Task requirements. Nothing but the pictures should be dropped; repeat the rest of the data below exactly.
[[ Records for this exercise, beginning ]]
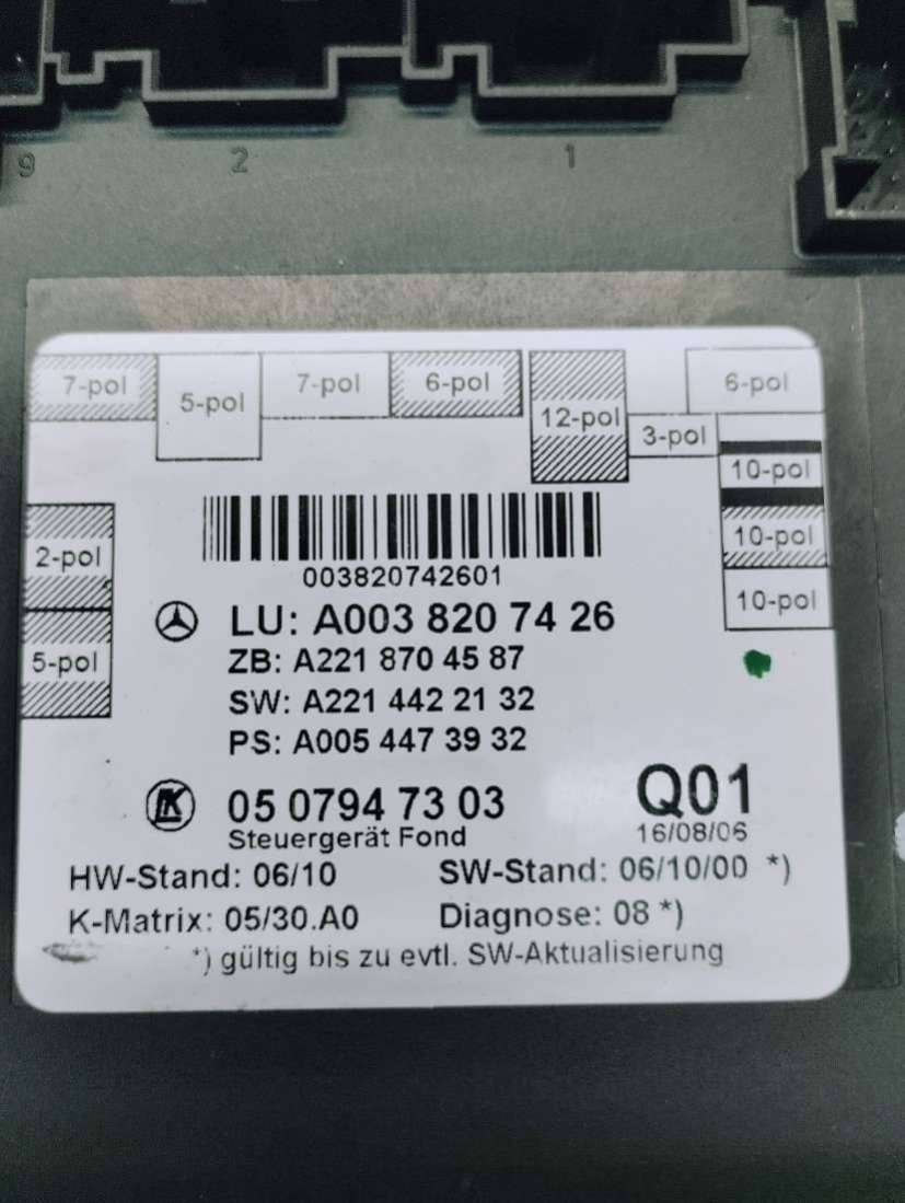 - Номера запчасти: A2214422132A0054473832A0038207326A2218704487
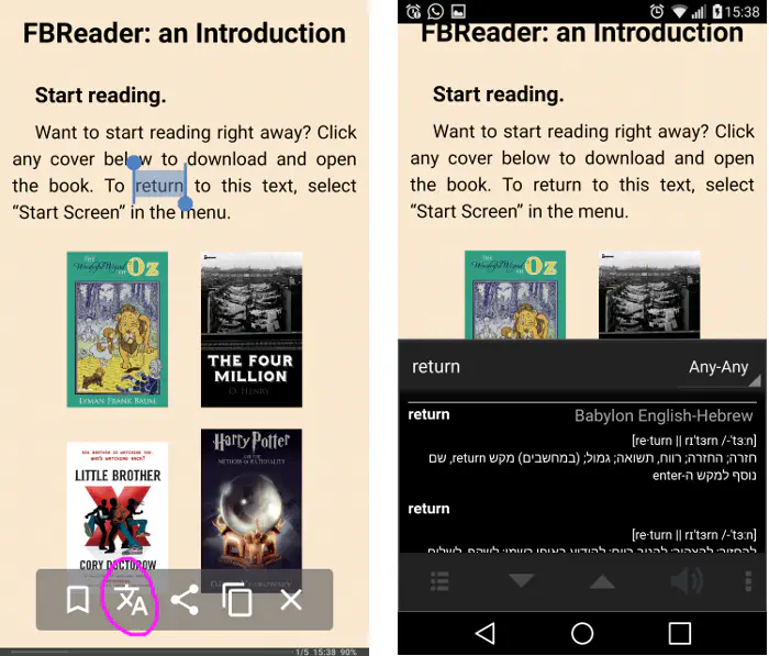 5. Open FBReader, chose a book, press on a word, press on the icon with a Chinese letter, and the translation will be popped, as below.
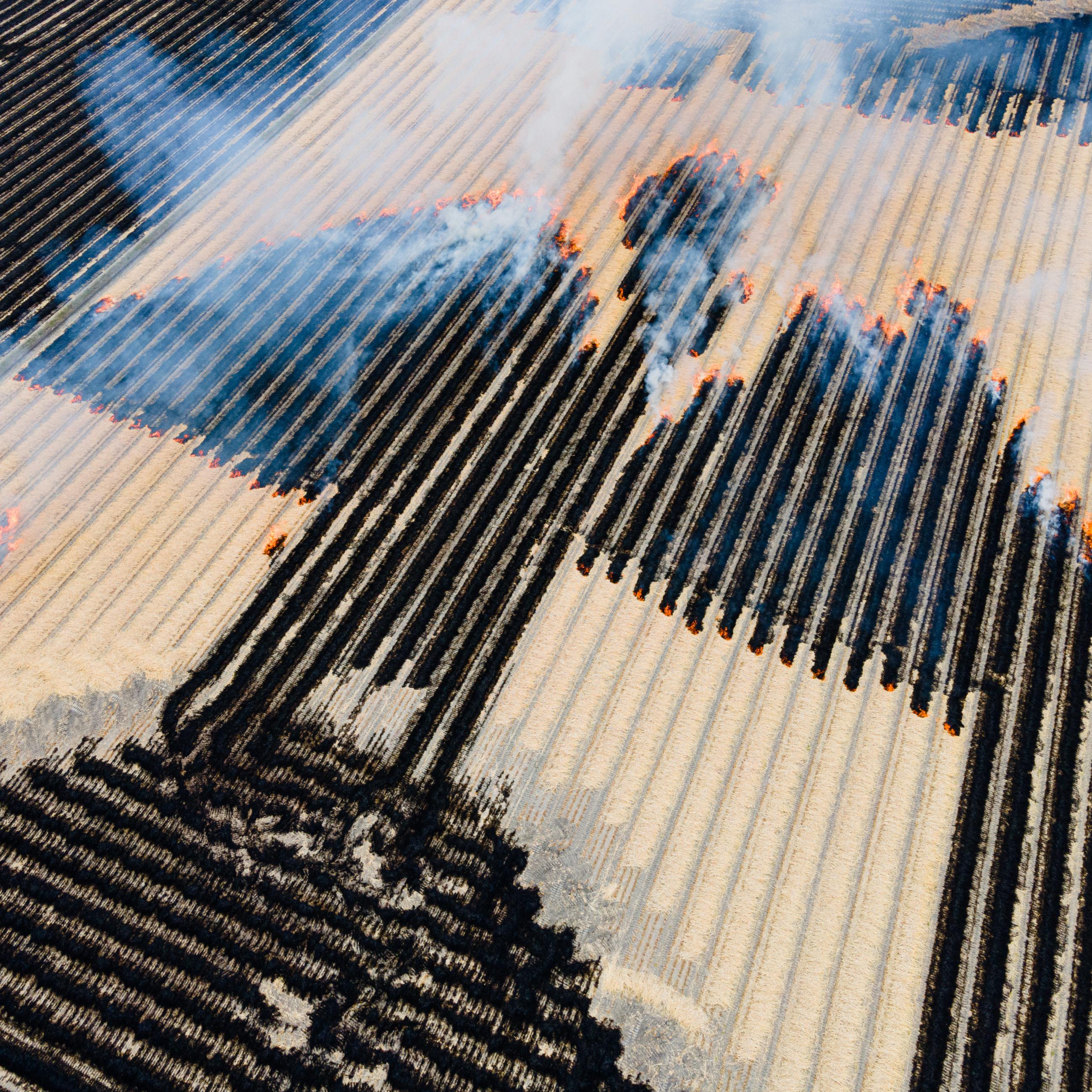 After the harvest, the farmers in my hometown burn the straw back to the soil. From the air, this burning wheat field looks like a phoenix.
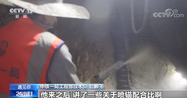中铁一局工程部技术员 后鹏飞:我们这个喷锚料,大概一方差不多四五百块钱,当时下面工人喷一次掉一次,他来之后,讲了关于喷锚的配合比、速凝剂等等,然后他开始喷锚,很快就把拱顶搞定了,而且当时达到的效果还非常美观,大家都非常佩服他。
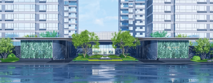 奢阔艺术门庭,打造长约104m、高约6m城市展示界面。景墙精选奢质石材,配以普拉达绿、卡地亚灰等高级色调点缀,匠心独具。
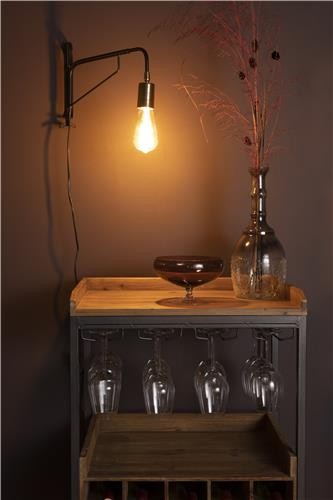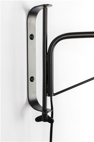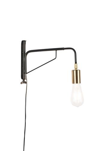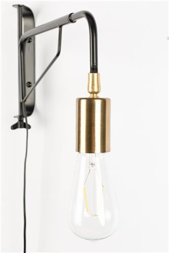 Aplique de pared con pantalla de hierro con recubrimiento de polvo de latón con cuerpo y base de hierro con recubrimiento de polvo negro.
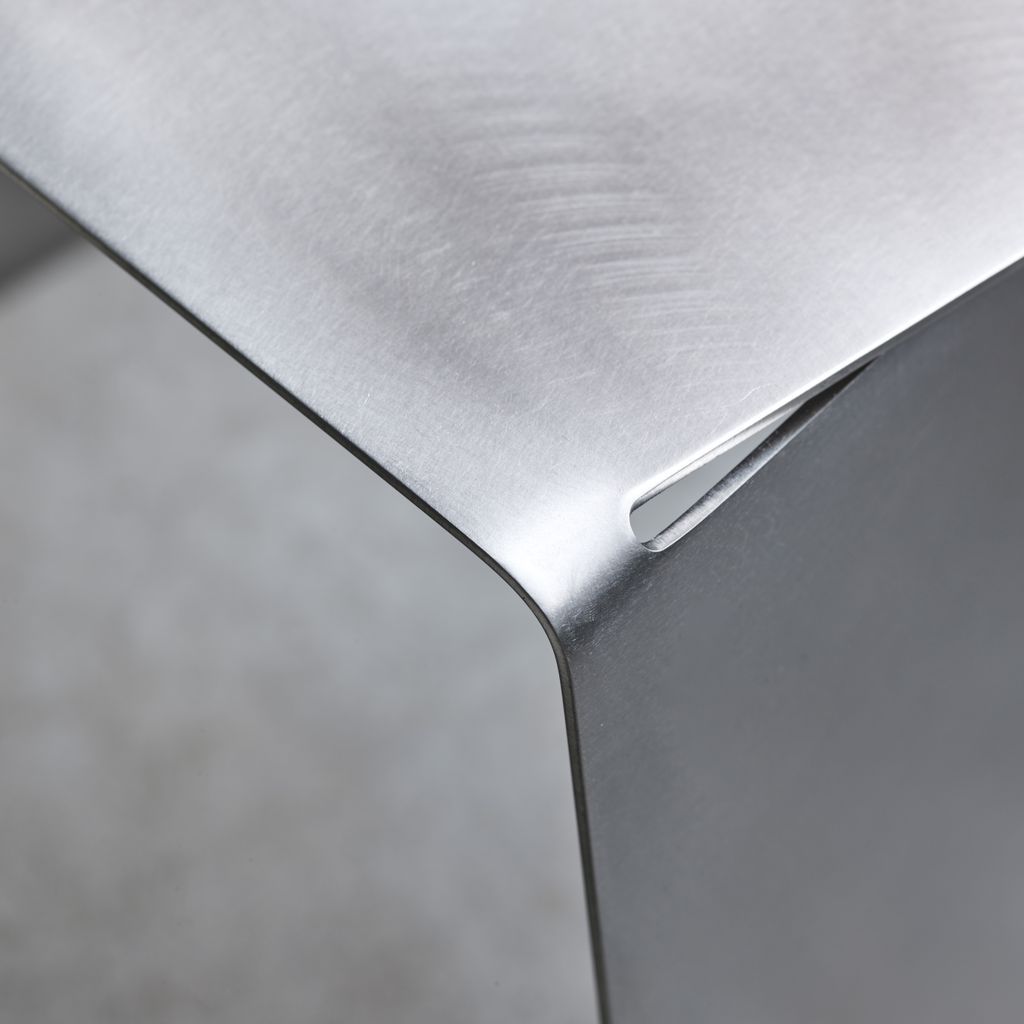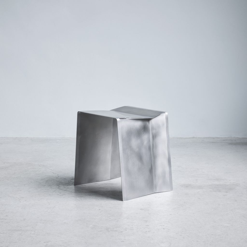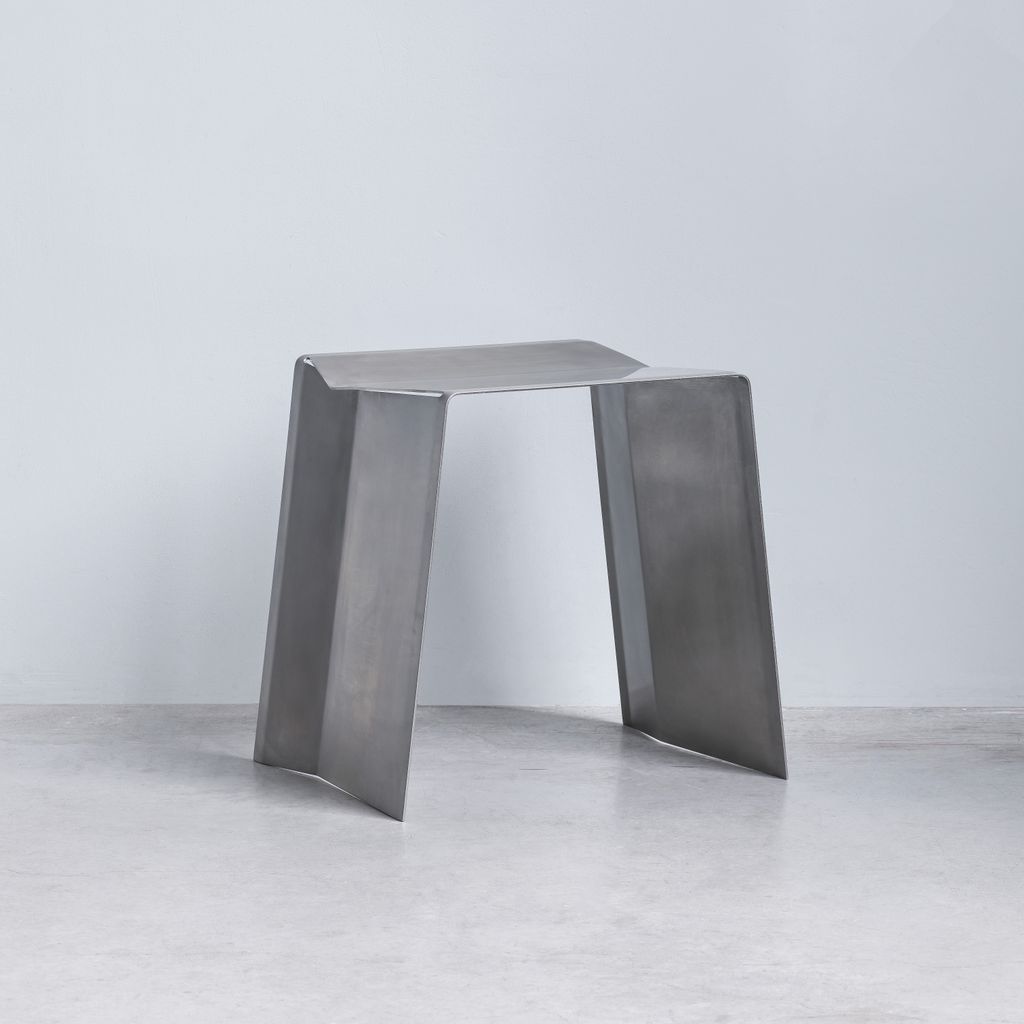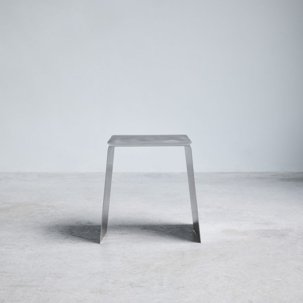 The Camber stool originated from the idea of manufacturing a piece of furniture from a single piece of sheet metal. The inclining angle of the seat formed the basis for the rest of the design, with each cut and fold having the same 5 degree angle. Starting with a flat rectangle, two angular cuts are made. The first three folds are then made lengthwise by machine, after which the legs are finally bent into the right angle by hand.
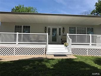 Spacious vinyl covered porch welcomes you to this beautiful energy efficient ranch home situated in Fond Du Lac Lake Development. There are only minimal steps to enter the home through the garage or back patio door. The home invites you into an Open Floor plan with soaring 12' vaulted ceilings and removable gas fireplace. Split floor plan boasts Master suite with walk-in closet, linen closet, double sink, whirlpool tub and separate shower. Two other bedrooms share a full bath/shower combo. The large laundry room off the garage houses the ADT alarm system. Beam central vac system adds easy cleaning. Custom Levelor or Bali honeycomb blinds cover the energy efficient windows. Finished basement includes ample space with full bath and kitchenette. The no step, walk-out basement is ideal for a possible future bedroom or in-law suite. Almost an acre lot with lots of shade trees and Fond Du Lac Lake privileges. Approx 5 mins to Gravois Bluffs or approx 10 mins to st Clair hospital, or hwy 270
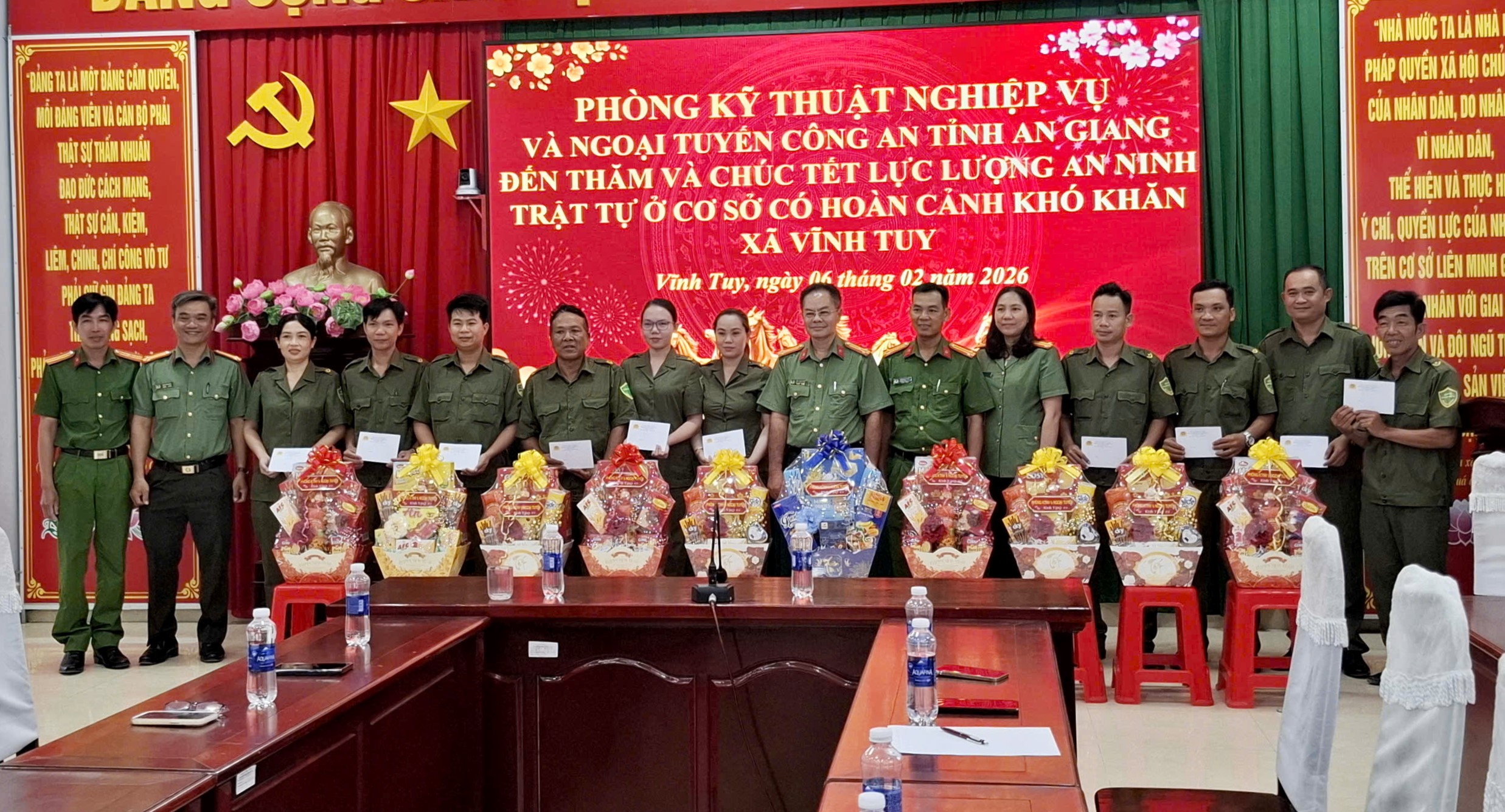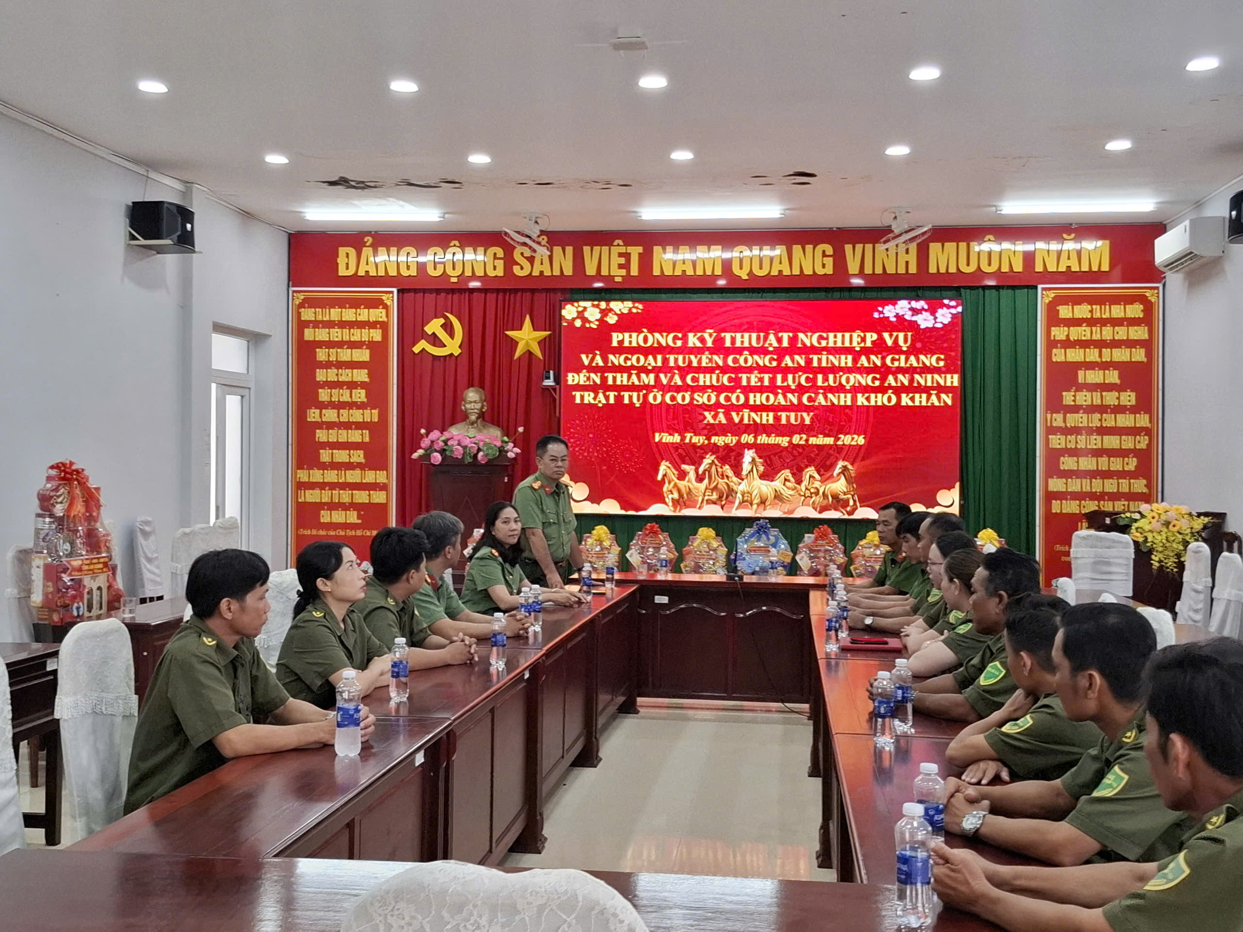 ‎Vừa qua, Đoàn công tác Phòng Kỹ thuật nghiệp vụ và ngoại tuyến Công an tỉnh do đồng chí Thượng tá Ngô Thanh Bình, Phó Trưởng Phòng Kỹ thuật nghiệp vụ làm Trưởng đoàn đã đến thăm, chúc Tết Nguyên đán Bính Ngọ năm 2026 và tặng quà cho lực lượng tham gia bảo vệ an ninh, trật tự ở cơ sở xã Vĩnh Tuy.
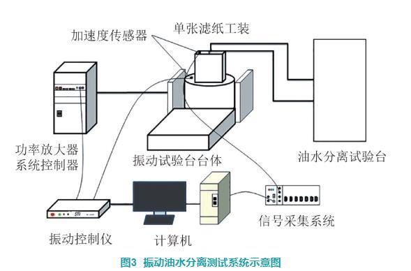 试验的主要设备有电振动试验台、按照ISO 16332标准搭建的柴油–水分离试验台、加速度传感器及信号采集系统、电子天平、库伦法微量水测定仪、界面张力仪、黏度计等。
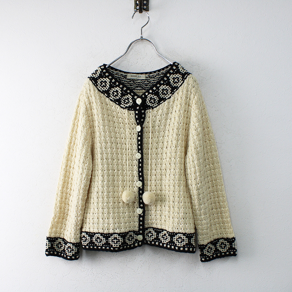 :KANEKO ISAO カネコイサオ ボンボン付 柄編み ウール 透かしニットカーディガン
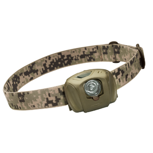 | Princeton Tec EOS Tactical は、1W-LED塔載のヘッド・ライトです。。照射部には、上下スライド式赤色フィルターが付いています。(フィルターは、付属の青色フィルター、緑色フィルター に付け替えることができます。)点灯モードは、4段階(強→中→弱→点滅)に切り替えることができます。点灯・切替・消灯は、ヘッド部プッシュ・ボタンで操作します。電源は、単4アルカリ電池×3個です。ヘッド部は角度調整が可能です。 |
[[ Records for this exercise, end ]]
Solution to this exercise.
 - Номера запчасти: A2214422132A0054473832A0038207326A2218704487
 5. Open FBReader, chose a book, press on a word, press on the icon with a Chinese letter, and the translation will be popped, as below.
 After the harvest, the farmers in my hometown burn the straw back to the soil. From the air, this burning wheat field looks like a phoenix.
中铁一局工程部技术员 后鹏飞:我们这个喷锚料,大概一方差不多四五百块钱,当时下面工人喷一次掉一次,他来之后,讲了关于喷锚的配合比、速凝剂等等,然后他开始喷锚,很快就把拱顶搞定了,而且当时达到的效果还非常美观,大家都非常佩服他。
 奢阔艺术门庭,打造长约104m、高约6m城市展示界面。景墙精选奢质石材,配以普拉达绿、卡地亚灰等高级色调点缀,匠心独具。
 Aplique de pared con pantalla de hierro con recubrimiento de polvo de latón con cuerpo y base de hierro con recubrimiento de polvo negro.
 The Camber stool originated from the idea of manufacturing a piece of furniture from a single piece of sheet metal. The inclining angle of the seat formed the basis for the rest of the design, with each cut and fold having the same 5 degree angle. Starting with a flat rectangle, two angular cuts are made. The first three folds are then made lengthwise by machine, after which the legs are finally bent into the right angle by hand.
 Spacious vinyl covered porch welcomes you to this beautiful energy efficient ranch home situated in Fond Du Lac Lake Development. There are only minimal steps to enter the home through the garage or back patio door. The home invites you into an Open Floor plan with soaring 12' vaulted ceilings and removable gas fireplace. Split floor plan boasts Master suite with walk-in closet, linen closet, double sink, whirlpool tub and separate shower. Two other bedrooms share a full bath/shower combo. The large laundry room off the garage houses the ADT alarm system. Beam central vac system adds easy cleaning. Custom Levelor or Bali honeycomb blinds cover the energy efficient windows. Finished basement includes ample space with full bath and kitchenette. The no step, walk-out basement is ideal for a possible future bedroom or in-law suite. Almost an acre lot with lots of shade trees and Fond Du Lac Lake privileges. Approx 5 mins to Gravois Bluffs or approx 10 mins to st Clair hospital, or hwy 270
 ‎Vừa qua, Đoàn công tác Phòng Kỹ thuật nghiệp vụ và ngoại tuyến Công an tỉnh do đồng chí Thượng tá Ngô Thanh Bình, Phó Trưởng Phòng Kỹ thuật nghiệp vụ làm Trưởng đoàn đã đến thăm, chúc Tết Nguyên đán Bính Ngọ năm 2026 và tặng quà cho lực lượng tham gia bảo vệ an ninh, trật tự ở cơ sở xã Vĩnh Tuy.
 试验的主要设备有电振动试验台、按照ISO 16332标准搭建的柴油–水分离试验台、加速度传感器及信号采集系统、电子天平、库伦法微量水测定仪、界面张力仪、黏度计等。
 :KANEKO ISAO カネコイサオ ボンボン付 柄編み ウール 透かしニットカーディガン
 | Princeton Tec EOS Tactical は、1W-LED塔載のヘッド・ライトです。。照射部には、上下スライド式赤色フィルターが付いています。(フィルターは、付属の青色フィルター、緑色フィルター に付け替えることができます。)点灯モードは、4段階(強→中→弱→点滅)に切り替えることができます。点灯・切替・消灯は、ヘッド部プッシュ・ボタンで操作します。電源は、単4アルカリ電池×3個です。ヘッド部は角度調整が可能です。 |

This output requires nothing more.